As we could see, the resulting accuracy for CountVectorizer is better than for TD-IDF Vectorizer. Hence, our best Logistic Regression modelf uses the following parameters:

In [31]:
#Best estimator for CountVectorizer
results_cvec.best_params_

{'vectorizer__max_features': 2500,
 'vectorizer__ngram_range': (1, 1),
 'vectorizer__stop_words': None}

 Our best Logistic Regression model has an accuracy score of 0.7456 (in comparison with the Baseline Model's accuracy of 0.6606. All Logistic regression models are quite overfitted on training data.

## 4.2 Naive Bayes Model ##

The choice of Naive Bayes model depends on our feature matrix, which is largely dependent on our choice of vectorizer. 
With Count Vectorizer our features matrix contains only positive integer values - hence the Naive Bayes Multinomial model will be the most appropriate.  

In [76]:
#Instantiating model
mnb = MultinomialNB()

#Instantiating Count Vectorizer
cvec=CountVectorizer()

#Vectorizing Transforming our features matriz
X_mnb = cvec.fit_transform(X)

#Trasforming our sparse matrix to array
X_mnb = X_mnb.toarray()

#Train-test split with stratification for this particular method
X_train_mnb, X_test_mnb, y_train_mnb, y_test_mnb = train_test_split(X_mnb, y, stratify=y, random_state=81)

#Fitting the model
result_mnb = mnb.fit(X_train_mnb,y_train_mnb)

In [77]:
#Getting model's accuracy on trainig set
result_mnb.score(X_train_mnb, y_train_mnb)

0.9024390243902439

In [78]:
#Getting model's accuracy on testingn set
result_mnb.score(X_test_mnb, y_test_mnb)

0.75

As we could notice, our Multinomial Naive Bayes model is very overfitted on training data, as it shows accuracy of 0.9024 on a training set, but just 0.75 on a testing set - which is for now our new highest score. It surpasses teh score for the optimized Logistic Regression just by 0.0044 which is kind of negligible, as both models are very overfit.

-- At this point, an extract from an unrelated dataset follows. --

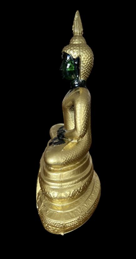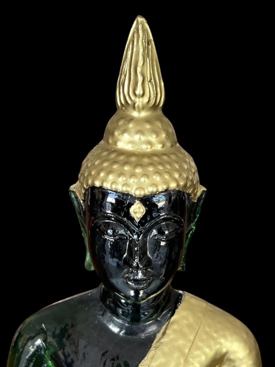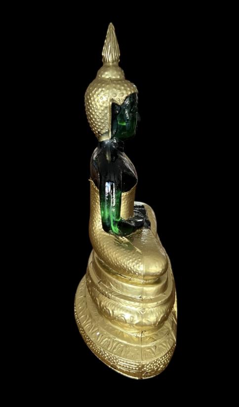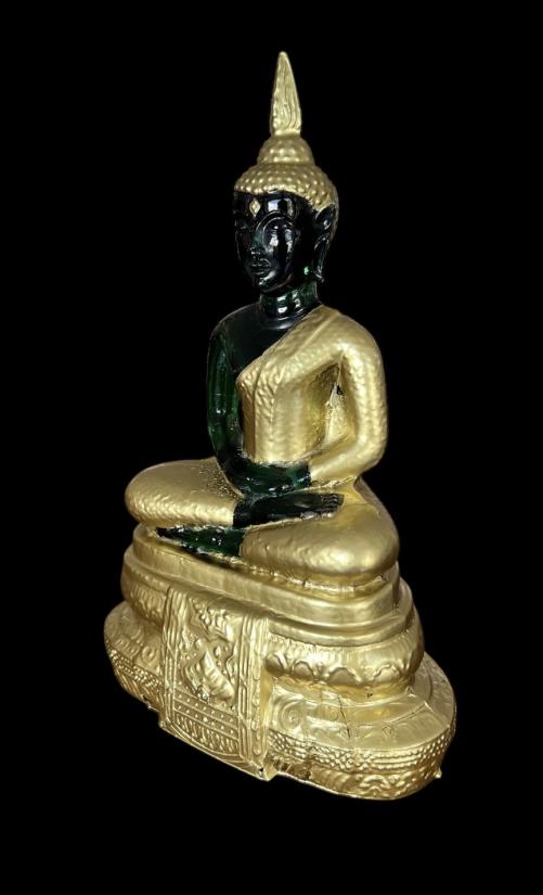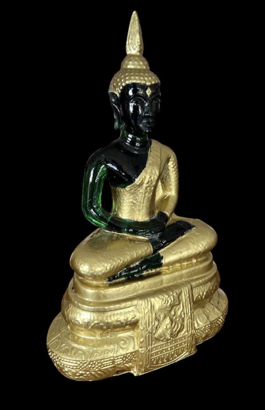 พระแก้วพิธี 25 พุทธศตวรรษ พระแก้วปฏิมากร สำนักรัตนปฏิมากร เนื้อแก้วสีเขียวกระไหล่ทอง หน้าตัก 5.5 นิ้ว (จะใหญ่กว่าพระแก้ว 5 นิ้วทั่วไปครับ) สภาพสวยสมบูรณ์ครับ

With TF-IDF Vectorizer our features matrix contains only positive non-integer values - hence the Naive Bayes Gaussian model will be the most appropriate.  

In [35]:
#Instantiating model
gnb = GaussianNB()

#Instantiating Count Vectorizer
tfidf = TfidfVectorizer()

#Vectorizing and transforming our features matriz
X_gnb = tfidf.fit_transform(X)

#Trasforming our sparse matrix to array
X_gnb = X_gnb.toarray()

#Train-test split with stratification for this particlular model
X_train_gau, X_test_gau, y_train_gau, y_test_gau = train_test_split(X_gnb, y, stratify=y, random_state=81)

#Fitting the model
result_gnb = gnb.fit(X_train_gau,y_train_gau)

In [36]:
#Getting model's accuracy on trainig set
result_gnb.score(X_train_gau, y_train_gau)

0.9860627177700348

In [37]:
#Getting model's accuracy on testingn set
result_gnb.score(X_test_gau, y_test_gau)

0.7083333333333334

As we could notice, our Gaussian Naive Bayes model is as well very overfitted on training data, as it shows accuracy of 0.9861 on a training set, but just 0.7083 on a testing set. 
But the accuracy on the testing score has not improved in comparison with the situation when we used Count Vectorizer and Multinomial Naive Bayes model.

## 4.3 Decision Trees Classifier ##

Let's try how a Decision Tree Classifier works on text data.

In [39]:
#Instantiating the model
tree = DecisionTreeClassifier()

#Instantiating Count Vectorizer
cvec = CountVectorizer()

#Vectorizing and transforming our features matrix
X_train_cvec=cvec.fit_transform(X_train)
X_test_cvec = cvec.transform(X_test)

#Fitting the model
result_tree_cvec = tree.fit(X_train_cvec, y_train)

In [40]:
#Accuracy score training set
result_tree_cvec.score(X_train_cvec, y_train)

1.0

In [41]:
#Accuracy score testing set
result_tree_cvec.score(X_test_cvec, y_test)

0.65625

As we could see, our Decision Tree model with Count Vectorizer is severely overfitted on training data again, with accuracy score for training set of 1.0 and for testing set - just 0.6525. Let's compare the results with the situation when we use TF-IDF Vectorizer.

In [42]:
#Instantiating TF-IDF Vectorizer
tfidf = TfidfVectorizer()

#Vectorizing and transforming our features matrix
X_train_tfidf = tfidf.fit_transform(X_train)
X_test_tfidf = tfidf.transform(X_test)

#Fitting the model
result_tree_tfidf = tree.fit(X_train_tfidf, y_train)

In [43]:
#Accuracy score training set
result_tree_tfidf.score(X_train_tfidf, y_train)

1.0

In [44]:
#Accuracy score testing set
result_tree_tfidf.score(X_test_tfidf, y_test)

0.625

Accuracy scores for our Decision Tree Calssifier model with TF-IDF Vectorizer show a similar picture: the model is highly overfit on training data with accuracy for the training set of 1.0 and just 0.625 for the testing set. 

Again, the same type of model shows better accuracy on testing set when we use Count Vectorizer.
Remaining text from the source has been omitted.